▶ Task objective
All that is wanted is the exact text of the lines below from the one with "27 ft. lbs.)." through the one with "Dank zwei weiterer", inclusive, minus any pictures.

▶ Information
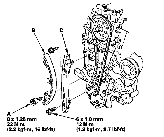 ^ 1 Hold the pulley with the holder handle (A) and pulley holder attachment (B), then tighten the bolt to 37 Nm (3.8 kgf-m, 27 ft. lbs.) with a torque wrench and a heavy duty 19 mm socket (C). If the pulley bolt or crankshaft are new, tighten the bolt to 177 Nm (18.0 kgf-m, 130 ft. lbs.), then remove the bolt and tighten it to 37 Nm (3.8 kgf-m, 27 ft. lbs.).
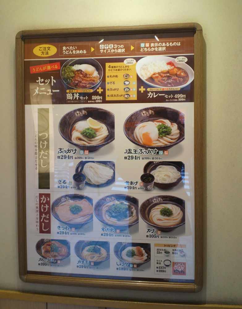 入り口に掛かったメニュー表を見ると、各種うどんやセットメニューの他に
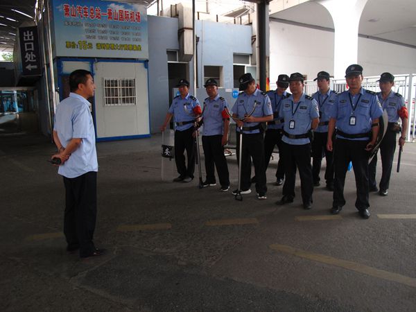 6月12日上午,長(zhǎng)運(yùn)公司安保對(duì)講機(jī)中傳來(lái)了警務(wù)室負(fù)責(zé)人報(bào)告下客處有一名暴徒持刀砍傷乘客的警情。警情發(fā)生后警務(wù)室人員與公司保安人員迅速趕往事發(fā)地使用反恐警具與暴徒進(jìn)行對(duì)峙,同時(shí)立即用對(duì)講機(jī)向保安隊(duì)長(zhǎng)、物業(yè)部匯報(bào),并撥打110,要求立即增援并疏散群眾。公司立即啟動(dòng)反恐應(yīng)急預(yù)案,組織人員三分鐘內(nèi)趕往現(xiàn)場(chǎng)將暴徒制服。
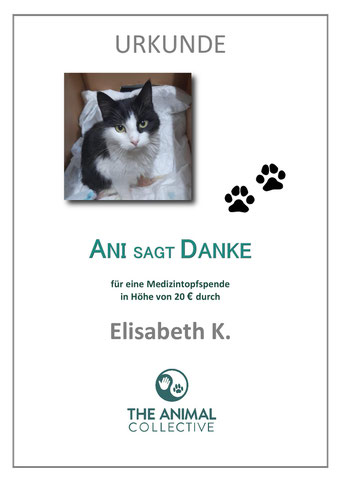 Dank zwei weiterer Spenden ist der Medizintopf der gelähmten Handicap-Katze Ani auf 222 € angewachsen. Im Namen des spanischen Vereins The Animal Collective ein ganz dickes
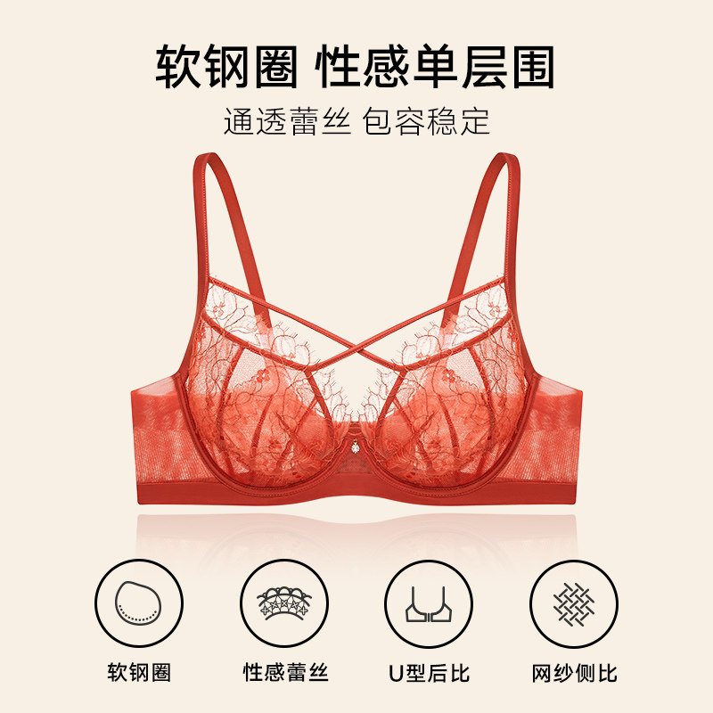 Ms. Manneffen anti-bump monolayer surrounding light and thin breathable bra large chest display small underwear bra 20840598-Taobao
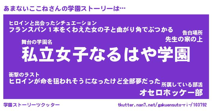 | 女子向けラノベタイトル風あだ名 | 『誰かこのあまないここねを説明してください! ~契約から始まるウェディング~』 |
--
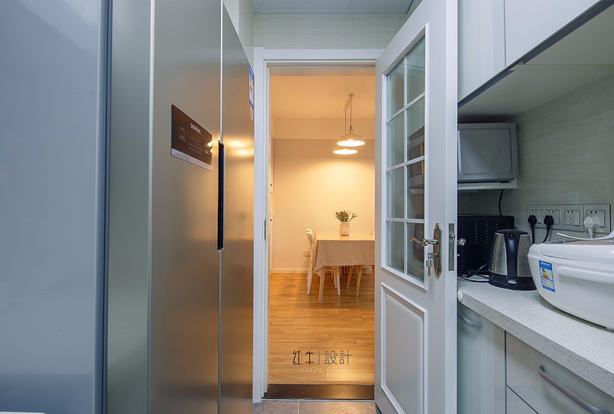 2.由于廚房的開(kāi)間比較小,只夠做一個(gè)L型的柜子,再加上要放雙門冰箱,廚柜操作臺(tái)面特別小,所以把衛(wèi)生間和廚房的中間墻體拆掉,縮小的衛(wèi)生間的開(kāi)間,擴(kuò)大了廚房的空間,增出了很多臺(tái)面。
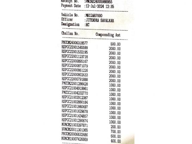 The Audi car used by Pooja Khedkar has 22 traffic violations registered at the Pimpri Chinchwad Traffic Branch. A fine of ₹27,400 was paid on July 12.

▶ Exercise output
 ^ 1 Hold the pulley with the holder handle (A) and pulley holder attachment (B), then tighten the bolt to 37 Nm (3.8 kgf-m, 27 ft. lbs.) with a torque wrench and a heavy duty 19 mm socket (C). If the pulley bolt or crankshaft are new, tighten the bolt to 177 Nm (18.0 kgf-m, 130 ft. lbs.), then remove the bolt and tighten it to 37 Nm (3.8 kgf-m, 27 ft. lbs.).
 入り口に掛かったメニュー表を見ると、各種うどんやセットメニューの他に
 6月12日上午,長(zhǎng)運(yùn)公司安保對(duì)講機(jī)中傳來(lái)了警務(wù)室負(fù)責(zé)人報(bào)告下客處有一名暴徒持刀砍傷乘客的警情。警情發(fā)生后警務(wù)室人員與公司保安人員迅速趕往事發(fā)地使用反恐警具與暴徒進(jìn)行對(duì)峙,同時(shí)立即用對(duì)講機(jī)向保安隊(duì)長(zhǎng)、物業(yè)部匯報(bào),并撥打110,要求立即增援并疏散群眾。公司立即啟動(dòng)反恐應(yīng)急預(yù)案,組織人員三分鐘內(nèi)趕往現(xiàn)場(chǎng)將暴徒制服。
 Dank zwei weiterer Spenden ist der Medizintopf der gelähmten Handicap-Katze Ani auf 222 € angewachsen. Im Namen des spanischen Vereins The Animal Collective ein ganz dickes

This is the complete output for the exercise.